I've used ReAct-style patterns in an internal tool that queries our metrics database to answer ad-hoc business questions. The flow is: model reasons about what query to write, executes it, checks if the result looks plausible, optionally refines the query. It works well. But "works well" required about two weeks of iteration on the tool-use schema, error handling for bad SQL, a retry loop, output validation, and a lot of prompt tuning around how the model decides when a result is "plausible enough." This is not an afternoon project.
ToT I've only used experimentally. For most production applications I've seen, the added complexity doesn't justify the gains unless you're doing something genuinely hard — planning problems, multi-constraint optimization, the kind of thing where a single reasoning chain regularly paints itself into a corner. For most business logic classification, extraction, or generation tasks, well-designed CoT with good examples gets you most of the way there at a fraction of the complexity.
So if you're considering ToT: run a careful eval on CoT first. If CoT is getting you to 85%+ accuracy on your task and you need to push to 92%+, maybe ToT is worth the engineering investment. If CoT is getting you 60%, your examples and instructions need work before you reach for fancier techniques.
One area that doesn't get enough attention in the "advanced techniques" conversation is caching. If you're using Anthropic's API (Claude Sonnet or Opus), they support prompt caching on long system prompts and example blocks — you can dramatically reduce costs on repeated calls with the same base prompt.
I'm not going to go deep on implementation here because the docs cover it well, but the architectural implication is important: it incentivizes you to move as much stable instruction content as possible into the system prompt or early turns, and keep the variable user input lean.

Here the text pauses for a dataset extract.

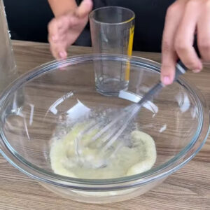 - Depois adiciono 1 litro de refrigerante Sprite, vou mexer novamente, levar para uma forma untada com óleo, levar para a geladeira e deixar até firmar bem.
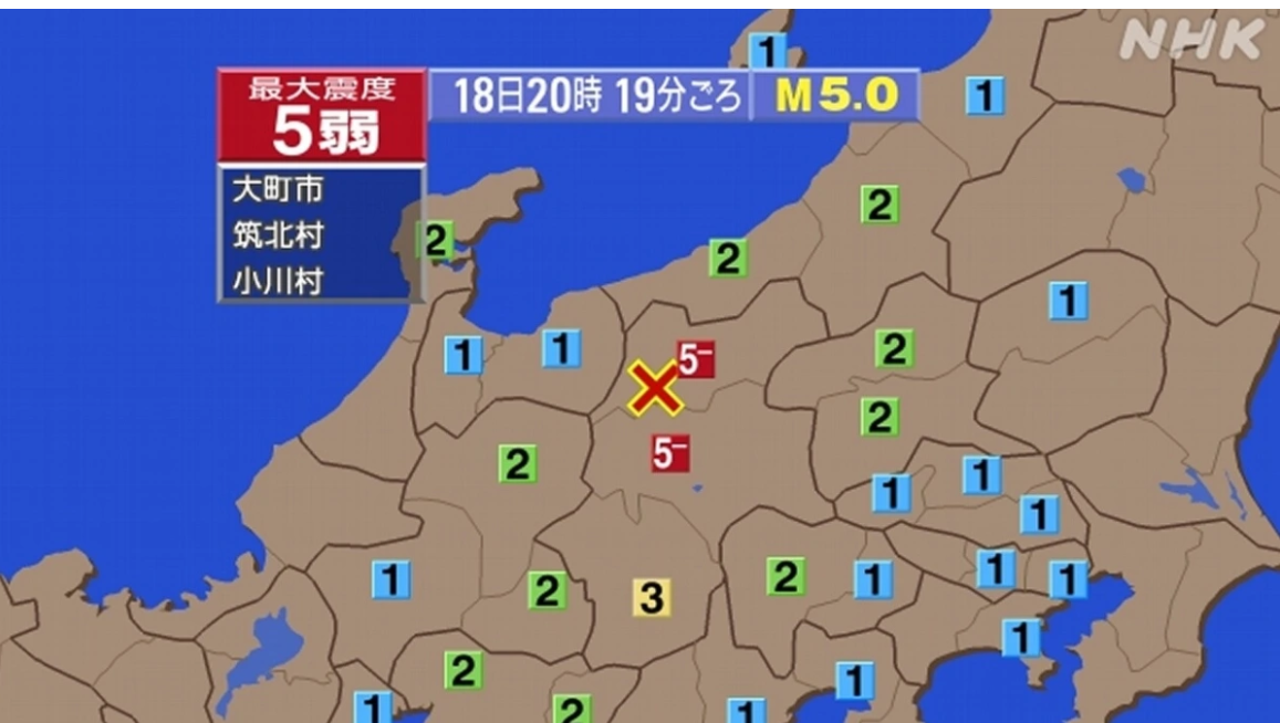 Theo Cơ quan khí tượng thủy văn Nhật Bản, tâm chấn của trận động đất này ở phía bắc tỉnh Nagano, miền Trung Nhật Bản, cách thủ đô Tokyo khoảng 225km. Độ sâu của tâm chấn là khoảng 10km, với chấn động đo được tại khu vực trung tâm lên tới 5,0 độ.

This actually aligns well with good prompt structure anyway — long examples and detailed rules in the system prompt, just the raw input in the user turn.
One gotcha I hit: cache invalidation happens if you modify the system prompt at all. During active development I was tweaking examples constantly and wondering why I wasn't seeing cache hit rates. Obvious in retrospect. Keep a stable "production" prompt separate from your experimentation environment.
After all of this, here's my honest take on how to approach prompt engineering on a real project:
Start with zero-shot and understand why it fails. Don't jump to few-shot or CoT immediately. The failure modes of a zero-shot prompt tell you what examples to write and what reasoning steps to add. I wasted time writing five generic examples before I knew what edge cases I was actually dealing with.
When you add examples, make them diagnostic. Each example should cover a case that a naive prompt would get wrong. Three targeted examples beat ten generic ones.
Add CoT when you have multi-step reasoning or when intermediate conclusions are likely to cascade into downstream errors. Skip it for straightforward classification and extraction.
Don't reach for self-consistency or ToT until you've genuinely maxed out simpler approaches. Both are real tools but they come with real costs — latency, complexity, money. Most of the time, better instructions and better examples are the cheaper fix.
Build an eval set early. This sounds obvious but I kept skipping it "until things stabilized." Nothing stabilizes until you have numbers to stabilize against. Even 50 labeled examples you can run against automatically will save you from shipping regressions you didn't notice.
The prompt engineering field has a habit of making simple things sound mystical and making genuinely hard things sound like a quick trick. Neither is true. It's disciplined iteration, and the techniques above are just tools for that iteration — not shortcuts around it.